Das ist für mich auch das größte Problem von Kindern, die mit alleinerziehenden Eltern (in der Regel ohne Vater) aufwachsen. Es ist für Mädchen und Jungen ein ähnliches Problem, wenn sie nie die Chance hatten mit einem normalen Mann in Form ihres Vaters den Realitätsabgleich durchzuführen und ein eigenes Rollen- oder Partner- Bild zu entwickeln. Der einzige „Vorteil“ den Jungen hier haben, ist, dass sie im Falle einer Trennung eher in den Schuhen ihres Vaters stehen und somit gezwungen sind, sich mit ihren Defiziten auseinanderzusetzen, während Mädchen die Verantwortung einfach beim Partner abwälzen können. Der Vater ist in diesem Weltbild halt nicht wichtig. „Ich kann das alleine, so wie meine Mutter.“ lässt sich für eine Frau nach der Trennung vertreten, ohne im Widerspruch zur eigenen Person zu sein. Wer ein schönes Beispiel dafür aus der Promiwelt haben will, der braucht sich nur Angelina Jolie ansehen, die sich dem Vater ihrer Kinder gegenüber genauso verhält, wie ihre Mutter ihrem Vater Jon Voight gegenüber. Wenn ich aber, als derjenige, der seine Kinder liebt allerdings plötzlich in die Position gedrängt werde unwichtig oder irrelevant zu werden, dann gibt es zwei Möglichkeiten:
1.) Sich jemand anderen suchen mit dem man weiter macht, bis es irgendwann mal klappt
2.) Wenn Du Dir sagst: „Das will ich für meine Kinder nicht.“: Diese Problemen und Defizite aufarbeiten, und dann für sich selber entdecken was es heißt Vater zu sein.

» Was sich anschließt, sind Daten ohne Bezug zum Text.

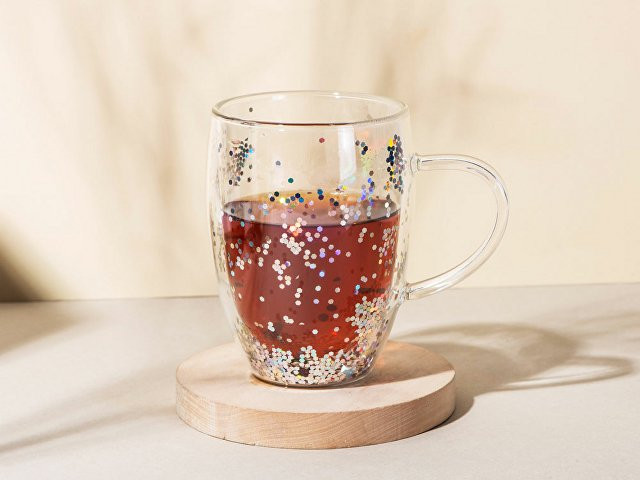 Кружка с праздничным настроением сделает любое чаепитие немного ярче и настроит на позитивный лад. Яркие блестки свободно перемещаются между двойными стенками: просто встряхните кружку, и вихрь цветных блесток взметнется наверх. Двойные стенки позволяют не обжечь ладони, даже если внутри — самый горячий напиток, а удобная широкая ручка дает комфортно обхватить кружку. Обратите внимание на то, что ручка не нагревается: это делает ее особенно удобной и объясняется конструкцией. Материал — боросиликатное стекло: легкое, словно пластик, прочнее обычного минерального стекла, и при этом такое же безопасное для человека. Кружку можно использовать с напитками до 150 градусов Цельсия, мыть в посудомоечной машине. - жаропрочное боросиликатное стекло - не обжигает руки: двойные стенки и не нагревающаяся ручка - безопасный для человека прочный материал - блестки не статичны, а подвижны: при встряхивании они меняют свое положение - нельзя разогревать в СВЧ-печи - можно мыть в посудомоечной машине
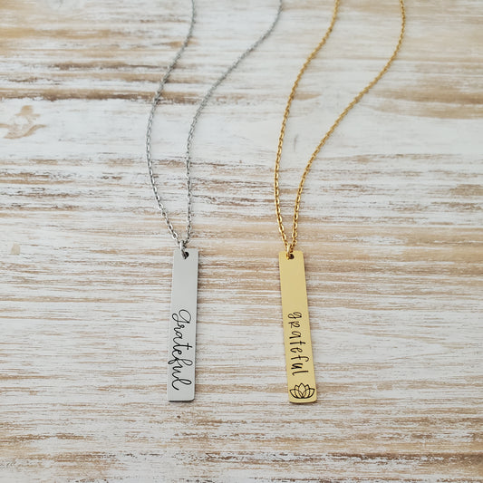 Vertical Bar Necklace 'grateful'

Aus eigener Erfahrung sage ich, dass das der schwerere Weg ist, aber definitiv nachhaltiger und es gibt für mich nichts Schöneres, als die Entwicklung meiner Kinder miterlebt zu haben, und ihnen bei Problemen und Sorgen mit Rat und Tat zur Seite gestanden zu haben. Und ich bin mir sicher, dass sie meine Familiengeschichte nicht wiederholen werden.